The voters spoke clearly in passing Question 5 on the Nov. 3 ballot. Now state government must act to close the circle so that patients suffering through chemotherapy and radiation, and those with epilepsy, multiple sclerosis, AIDS, chronic pain and other conditions can have access to marijuana prescribed by their doctors.

Gov. John Baldacci will create a group to study the regulatory issues raised by the passage of Question 5 — which expands the 1999 vote in Maine that legalized growing marijuana for medical treatment. That study group must have a limited agenda and should act within a reasonable time to fix whatever problems the law may hold. Rejecting the intent of both the 1999 and Nov. 3 votes must not be within the group’s power, and once it issues its recommendations, state government must act quickly to implement them.

The same voters who rejected same-sex marriage by 53 percent to 47 percent, presumably supporting a traditional view of marriage, approved the expansion of the state’s medical marijuana law by 59 percent to 41 percent. That result suggests public sentiment about the substance has swung away from the hysterical view perpetuated by films like “Reefer Madness.”

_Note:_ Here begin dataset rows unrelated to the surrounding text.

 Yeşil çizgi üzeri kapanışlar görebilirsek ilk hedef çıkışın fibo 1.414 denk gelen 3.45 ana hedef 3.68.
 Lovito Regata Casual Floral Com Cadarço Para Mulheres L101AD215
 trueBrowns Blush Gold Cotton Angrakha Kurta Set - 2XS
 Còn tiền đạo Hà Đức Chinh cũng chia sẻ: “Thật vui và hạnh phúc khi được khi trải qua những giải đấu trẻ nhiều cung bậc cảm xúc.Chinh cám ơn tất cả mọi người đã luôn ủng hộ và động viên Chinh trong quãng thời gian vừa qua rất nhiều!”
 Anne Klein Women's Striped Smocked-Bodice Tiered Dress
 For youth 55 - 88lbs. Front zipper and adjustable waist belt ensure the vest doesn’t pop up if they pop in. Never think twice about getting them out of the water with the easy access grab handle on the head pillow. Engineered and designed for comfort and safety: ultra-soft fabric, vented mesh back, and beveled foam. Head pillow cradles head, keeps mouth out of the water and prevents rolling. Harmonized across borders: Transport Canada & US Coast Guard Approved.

That said, marijuana can be abused as easily as alcohol, prescription drugs and illicit drugs like cocaine and heroin. State regulators are justified in their concerns about the potential for marijuana dispensaries, overseen by the Department of Health and Human Services, “leaking” the substance to those without prescriptions. The 1999 law allowed patients or their designees to grow the plant; the Nov. 3 vote creates the dispensaries, which are akin to pharmacies.

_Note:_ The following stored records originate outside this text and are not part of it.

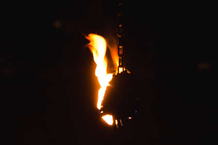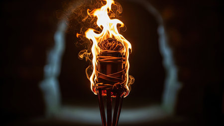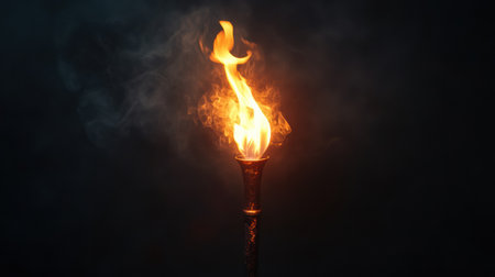 A burning torch with a vivid flame glowing brightly in the darkness, symbolizing light, warmth, and tradition.
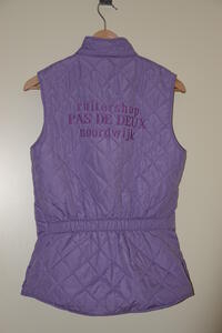 Paarse Harry's Horse bodywarmer. Met op de achterkant "ruitershop pas de deux Noordwijk".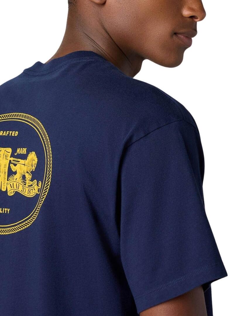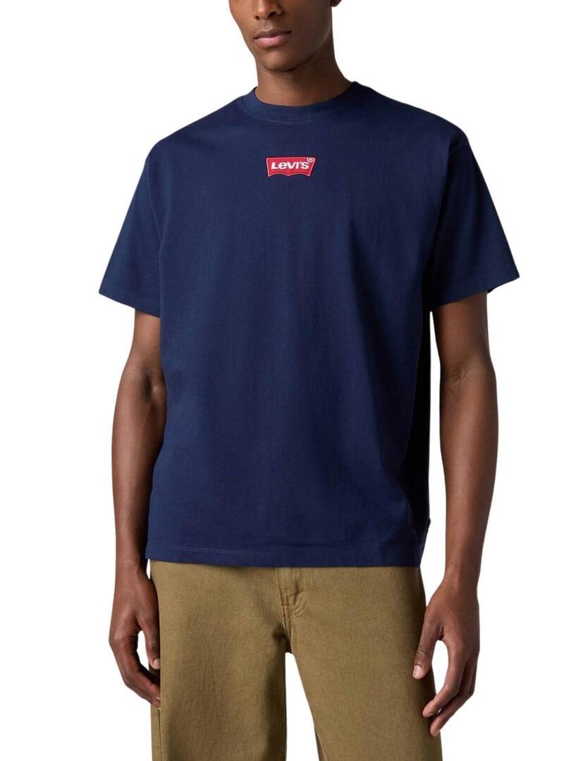 Maglietta Levis. Colore navy. Collo rotondo. Manica corta. Logo sul petto. Vestibilità rilassata. Tessuto morbido. Logo sul petto. Stampa grafica sulla schiena. Il modello indossa la taglia M.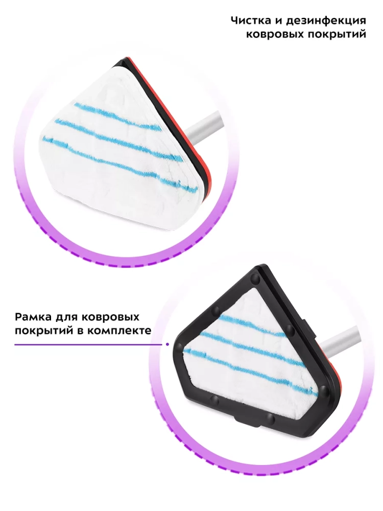 Принцип действия паровой швабры основан на воздействии горячего пара на загрязнения. Пар проникает внутрь загрязнения, размягчая и растворяя его, а затем с помощью тряпки частички грязи смываются. Для паровой швабры не нужны чистящие средства, поэтому она станет идеальным решением для уборки дома для аллергиков. В комплекте есть рамка для ковра, которая обеспечивает легкое скольжение щетки для пола по ковру.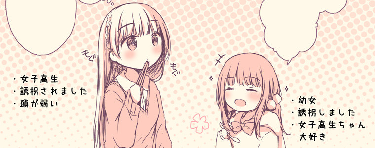 幼女が(頭の弱い)女子高生を自分のお家に隠しちゃう、ゆるいお話です。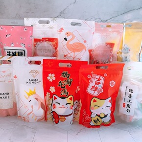 纯手工制作雪花酥牛轧糖饼干麻花糖果手提包装袋自封食...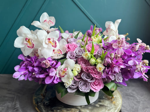 Product Description RED ROSES AND ORCHIDS IN A BOX This exquisite red roses and orchids arrangement displays a perfect harmony of color and design,...
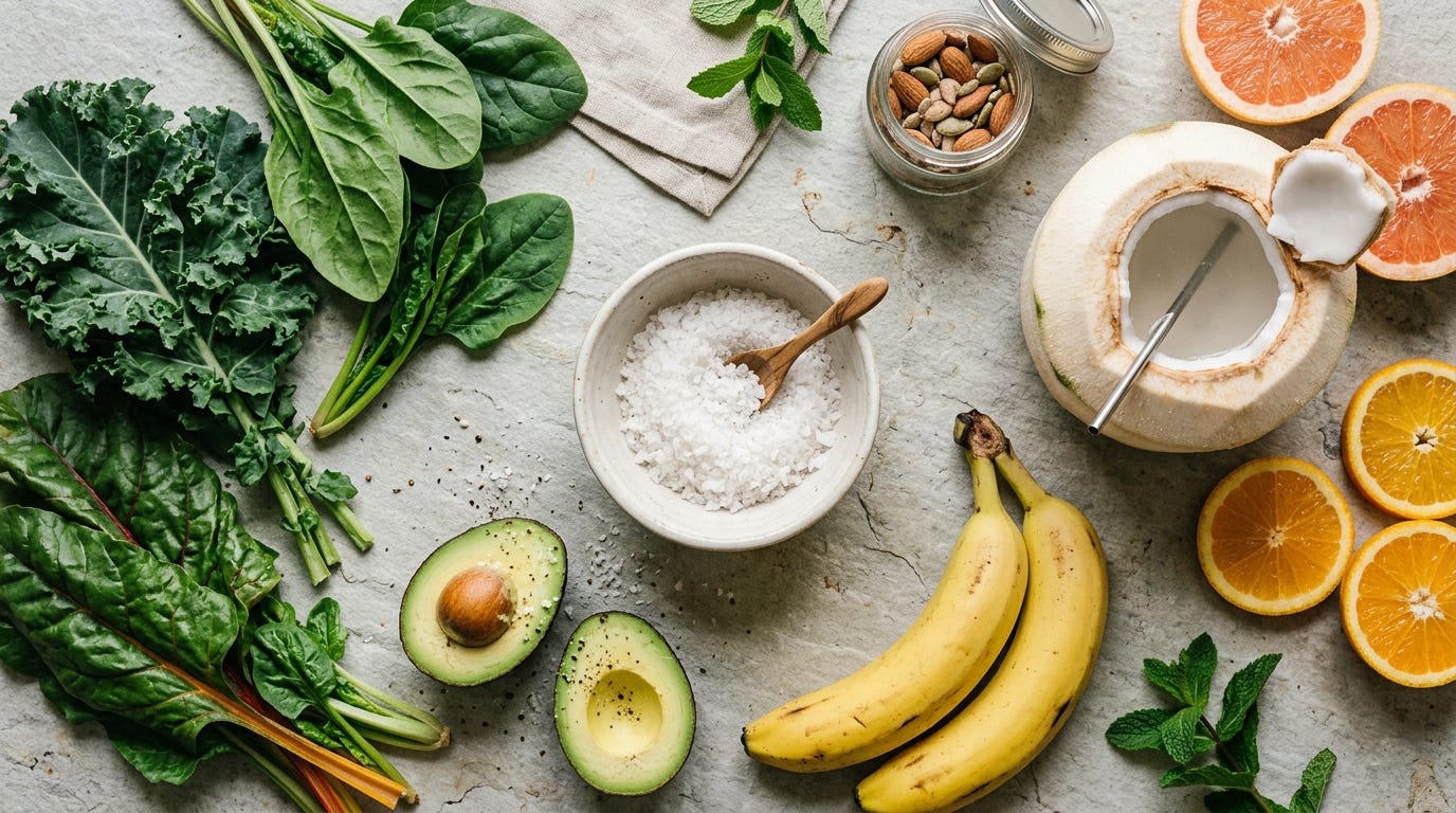 Start by supporting electrolyte balance through both sodium and potassium, which can be as simple as adding a pinch of mineral-rich salt to meals while also including fruits and vegetables that naturally provide potassium.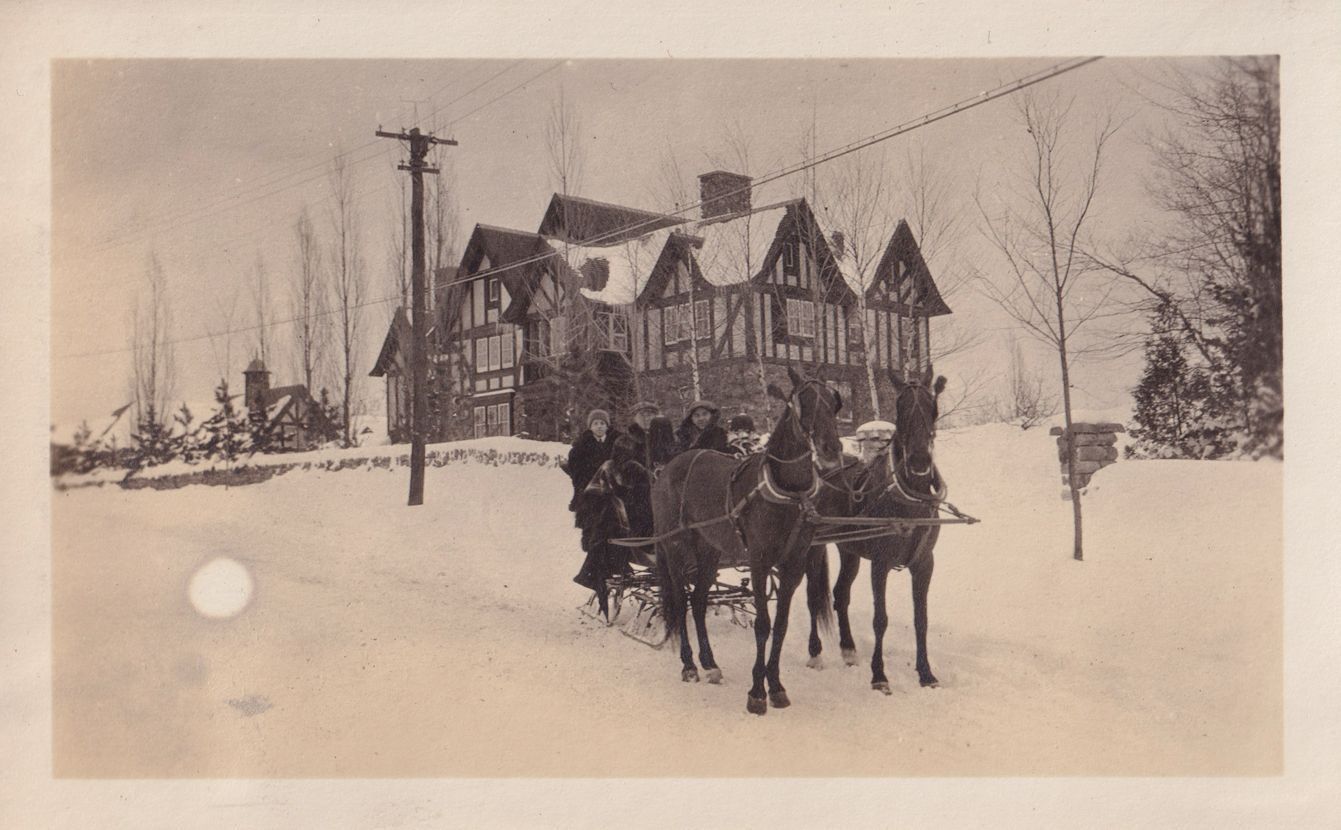 Black-and-white photograph of a group of people riding a horse-drawn sleigh along a snow covered road. There is a large building in the background, likely the Highland Manor on Park Avenue. There are also telephone poles running wires in the background.

DHHS Commissioner Brenda Harvey has said rules must be drafted, staff must be trained and budgets must be developed before the dispensaries can open. She expects that to be completed by spring.

“What we don’t want is an unintended outcome — a negative outcome,” the commissioner told the Portland Press Herald. “We don’t want to inadvertently have access — in this case, to marijuana — be open in such a way that we don’t honor the public safety we have an obligation to be protecting while meeting the intent of this referendum.”

Those concerns are legitimate, but the department must remain focused on the intent of the voters.